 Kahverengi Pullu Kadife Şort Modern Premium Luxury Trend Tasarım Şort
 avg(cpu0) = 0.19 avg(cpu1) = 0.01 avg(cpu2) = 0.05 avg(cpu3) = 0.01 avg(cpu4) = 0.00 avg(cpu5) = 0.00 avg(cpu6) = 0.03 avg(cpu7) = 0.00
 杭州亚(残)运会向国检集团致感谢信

-=-=-=-=-

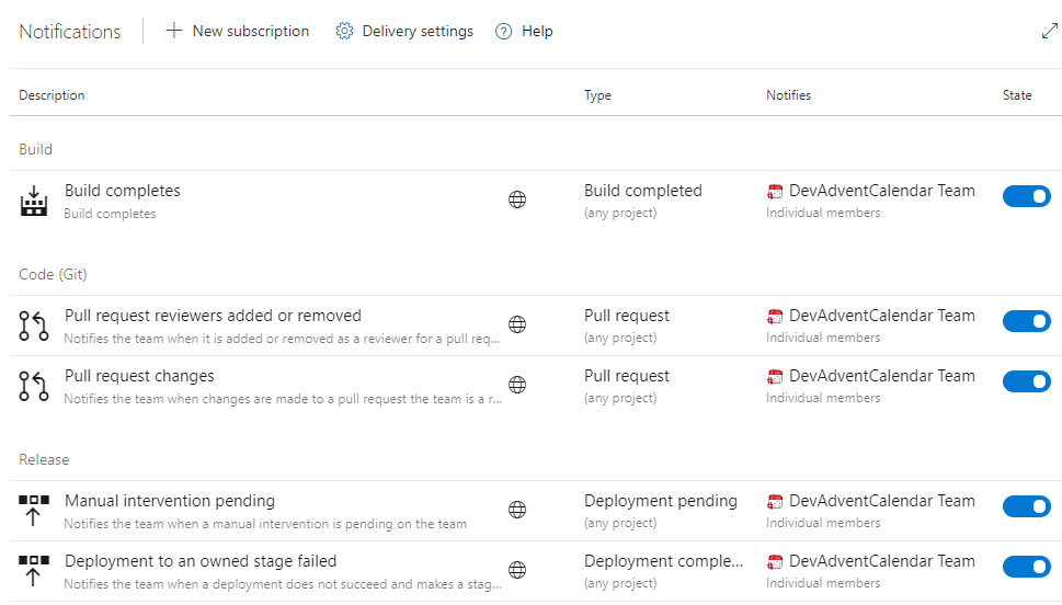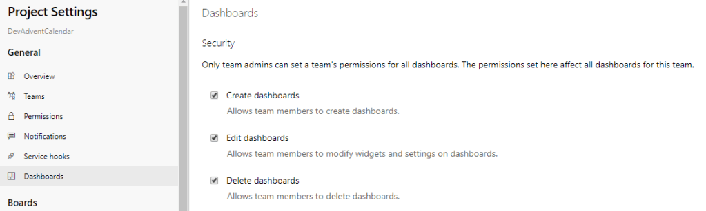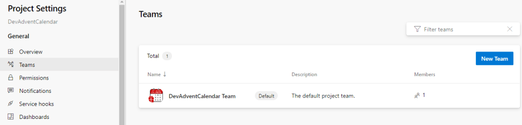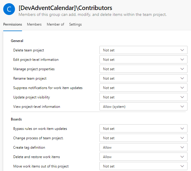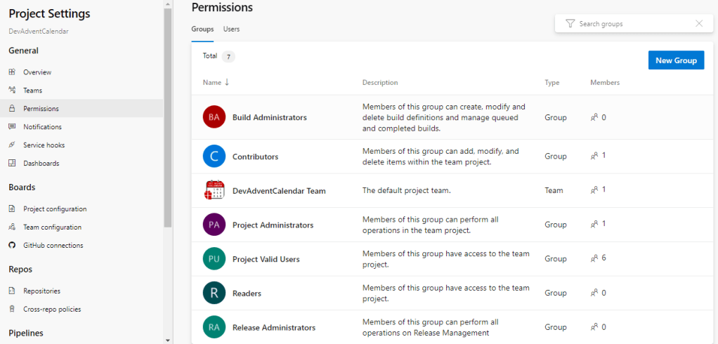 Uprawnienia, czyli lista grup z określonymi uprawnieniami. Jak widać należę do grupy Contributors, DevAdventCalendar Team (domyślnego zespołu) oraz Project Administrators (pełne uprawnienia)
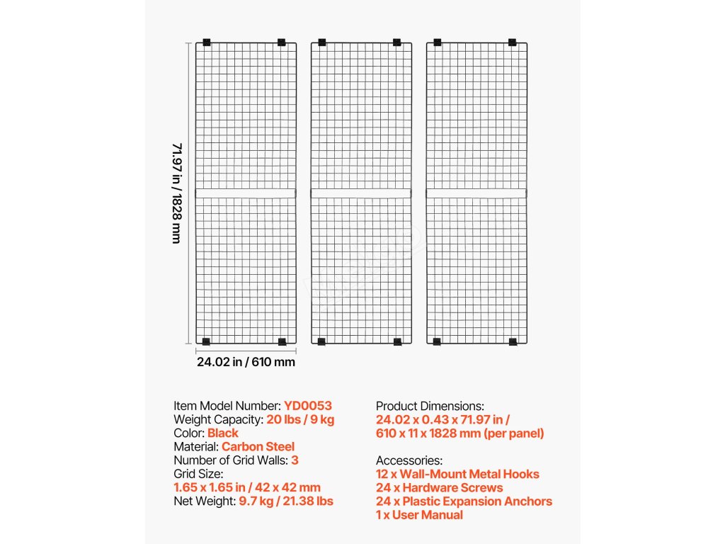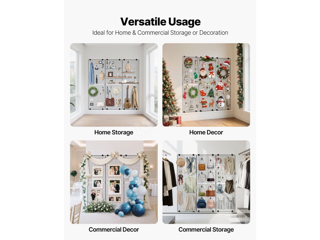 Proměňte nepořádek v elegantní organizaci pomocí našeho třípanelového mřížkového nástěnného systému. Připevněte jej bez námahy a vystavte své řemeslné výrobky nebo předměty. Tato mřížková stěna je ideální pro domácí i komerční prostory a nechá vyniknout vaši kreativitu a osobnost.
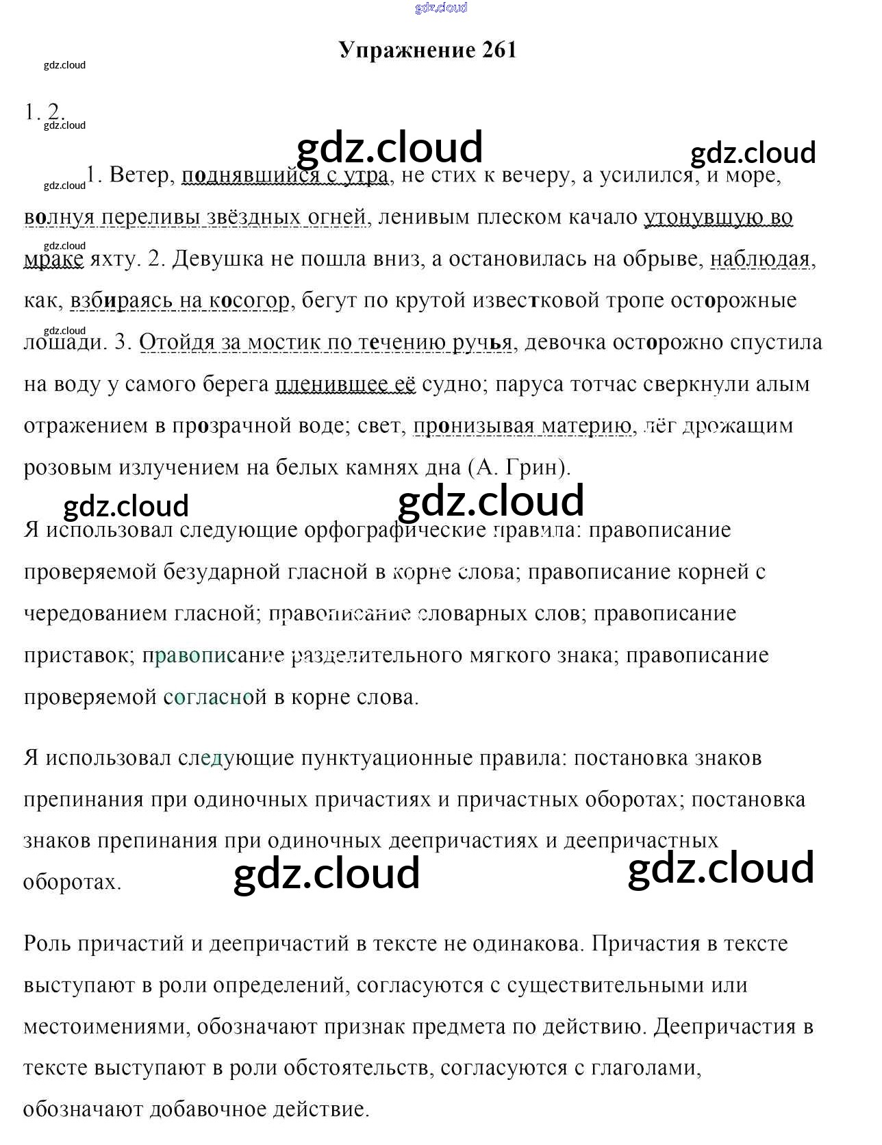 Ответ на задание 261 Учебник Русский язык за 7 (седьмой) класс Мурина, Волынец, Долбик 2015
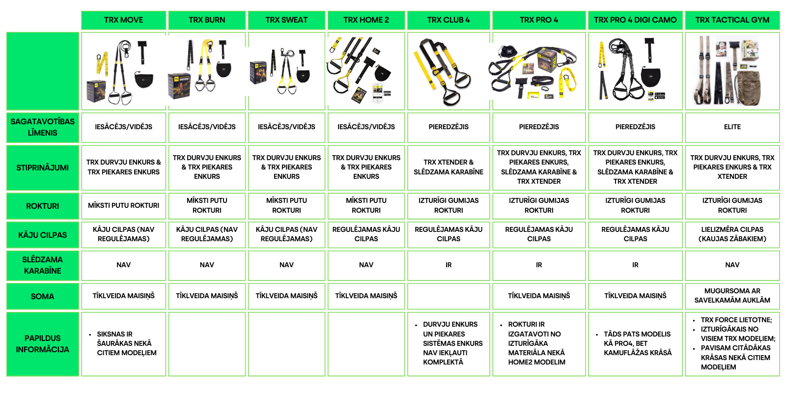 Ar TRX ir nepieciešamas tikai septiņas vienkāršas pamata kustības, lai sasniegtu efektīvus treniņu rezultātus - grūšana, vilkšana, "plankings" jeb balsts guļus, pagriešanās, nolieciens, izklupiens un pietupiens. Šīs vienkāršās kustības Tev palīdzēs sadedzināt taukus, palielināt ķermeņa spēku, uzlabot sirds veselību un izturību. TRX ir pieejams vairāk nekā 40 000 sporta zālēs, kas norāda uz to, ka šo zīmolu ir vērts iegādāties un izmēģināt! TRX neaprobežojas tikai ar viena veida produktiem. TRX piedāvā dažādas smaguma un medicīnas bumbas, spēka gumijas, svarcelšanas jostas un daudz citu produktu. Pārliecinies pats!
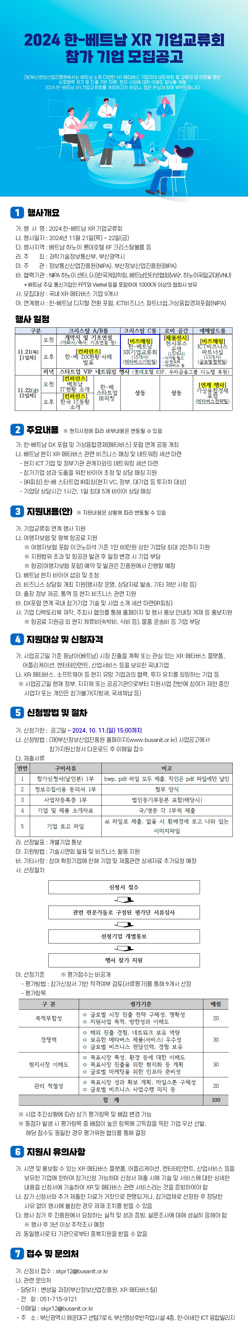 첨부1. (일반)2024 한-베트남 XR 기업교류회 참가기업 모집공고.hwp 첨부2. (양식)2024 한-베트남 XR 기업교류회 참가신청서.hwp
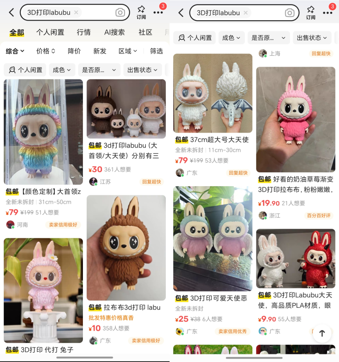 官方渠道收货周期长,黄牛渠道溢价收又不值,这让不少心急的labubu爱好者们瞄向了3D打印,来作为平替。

-=-=-=-=-

Task details: Give again, exactly as written above, every line from the one holding "Proměňte nepořádek v" to the one holding "Ответ на задание", with both ends kept and the pictures left out.

Reply:
 Proměňte nepořádek v elegantní organizaci pomocí našeho třípanelového mřížkového nástěnného systému. Připevněte jej bez námahy a vystavte své řemeslné výrobky nebo předměty. Tato mřížková stěna je ideální pro domácí i komerční prostory a nechá vyniknout vaši kreativitu a osobnost.
 Ответ на задание 261 Учебник Русский язык за 7 (седьмой) класс Мурина, Волынец, Долбик 2015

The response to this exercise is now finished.